Roger Cressey, my deputy and a marathoner, had run eight blocks from his doctors office. Convincing the Uniformed Secret Service guards to let him into the compound, Roger pressed through to the situation room. I was pleased to see him.
I turned to the Pentagon screen. "JCS, JCS. I assume NORAD has scrambled fighters and AWACS. How many. Where?"
"Not a pretty picture, Dick." Dick Myers, himself a fighter pilot, knew that the days when we had scores of fighters on strip alert had ended with the Cold War. "We are in the middle of Vigilant Warrior, a NORAD exercise, but... Otis has launched two birds toward New York. Langley is trying to get two up now. The AWACS are at Tinker and not on alert." Oris was an Air National Guard base on Cape Cod. Langley Air Force Base was outside Norfolk, Virginia. Tinker AFB, home to all of America's flying radar stations, was in Oklahoma.

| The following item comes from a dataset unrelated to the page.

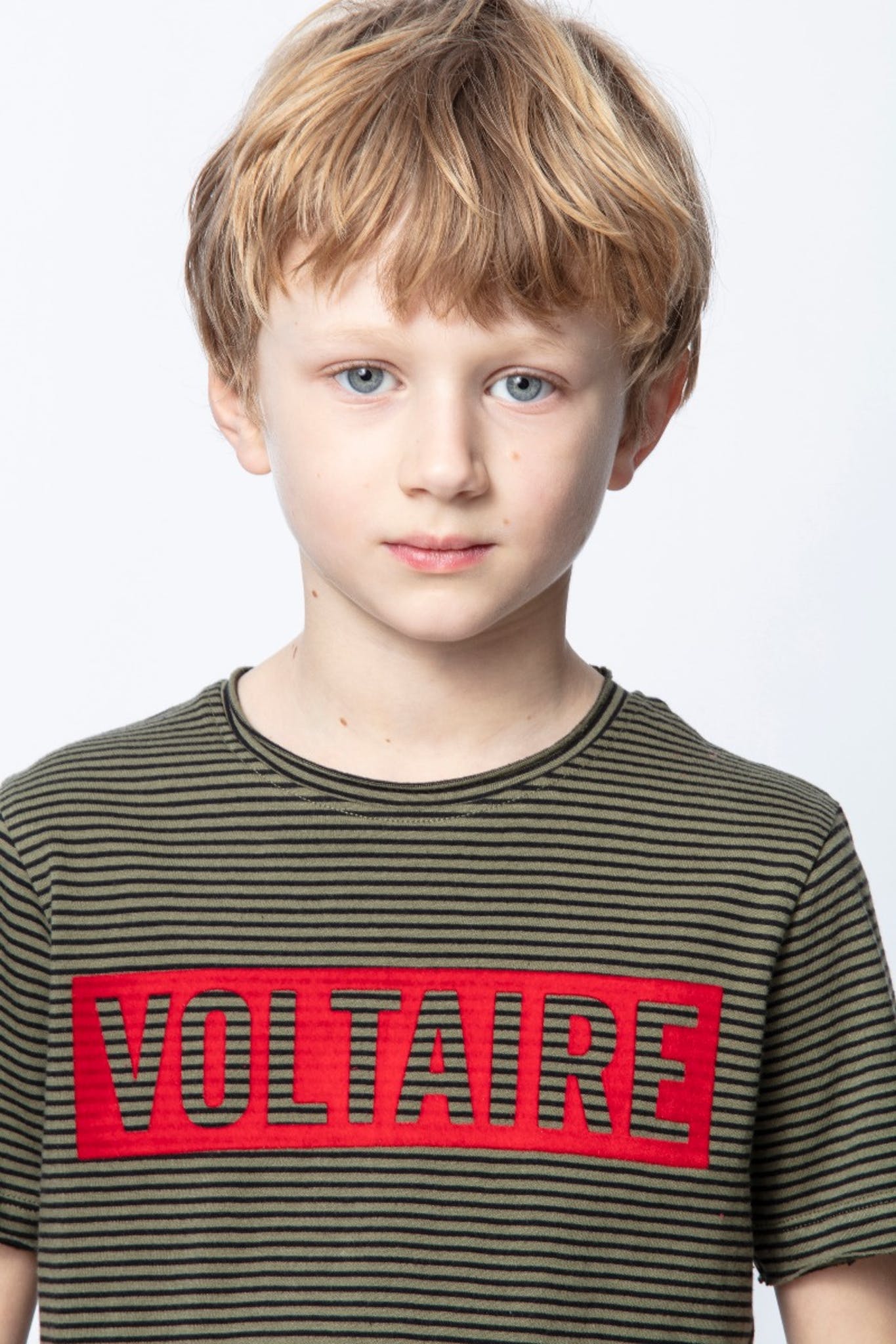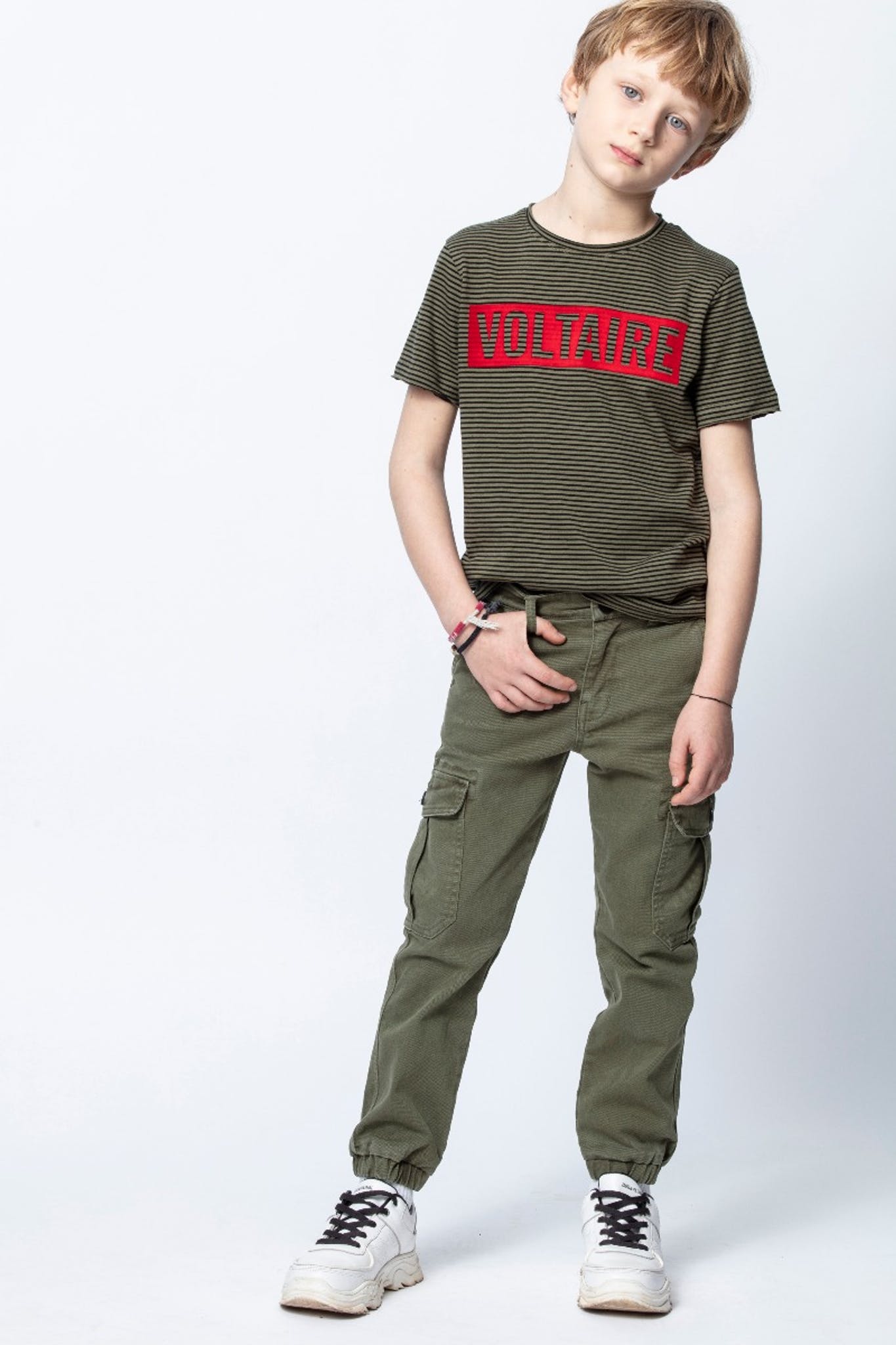 Футболка модного цвета хаки в черную полоску с ярким, контрастным текстовым брендированным принтом из натурального материала.

"Okay, how long to CAP over D.C."?" Combat Air Patrol, CAP, was something we were used to placing over Iraq, not our nation's capital.
"Fast as we can. Fifteen minutes?" Myers asked, looking at the generals and colonels behind him. It was now 9:28.
I thought about the 1998 simultaneous attacks on the American embassies in Kenya and Tanzania. There was the possibility now of multiple simultaneous attacks in several countries. "State, State. DOD, DOD. We have to assume there will be simultaneous attacks on us overseas. We need to close the embassies. Move DOD bases to combat Threatcon."
The television screen in the upper left was running CNN on mute. Noticing the President coming on, Lisa turned on the volume and the crisis conference halted to listen: "... into the World Trade Centre in an apparent terrorist attack on our country."
During the pause, I noticed that Brian Stafford, director of the Secret Service, was now in the room. He pulled me aside. "We gotta get him out of there to some place safe ... and secret. I've stashed FLOTUS." FLOTUS was White House speak for Mrs Bush, first lady of the US, now in a heavily guarded, unmarked building in Washington. Stafford had been President Clinton's bodyguard, led the presidential protection detail. Everyone knew that, despite the Elvis hairstyle, Stafford was solid and serious. He told presidents what to do, politely and in a soft Southern drawl, but in a way that left little room for discussion.
Franklin Miller, my colleague and Special Assistant to the President for Defense Affairs, joined Stafford. Frank squeezed my bicep. "Guess I'm working for you today. What can I do?" With him was a member of his staff, Marine Corps Colonel Tom Greenwood.
"Can you work with Brian," I told Miller. "Figure out where to move the President? He can't come back here until we know what the shit is happening." I knew that would not go down well with the Commander in Chief. "And Tom," I directed at Colonel Greenwood, "work with Roger - Cressey - on getting some CAP here - fast."
Stafford had another request. "When Air Force One takes off, can it have fighter escorts?"
"Sure, we can ask," Miller replied, "but you guys know that CAP, fighter escorts, they can't just shoot down planes inside the United States. We'll need an order." Miller had spent two decades working in the Pentagon and knew that the military would want clear instructions before they used force.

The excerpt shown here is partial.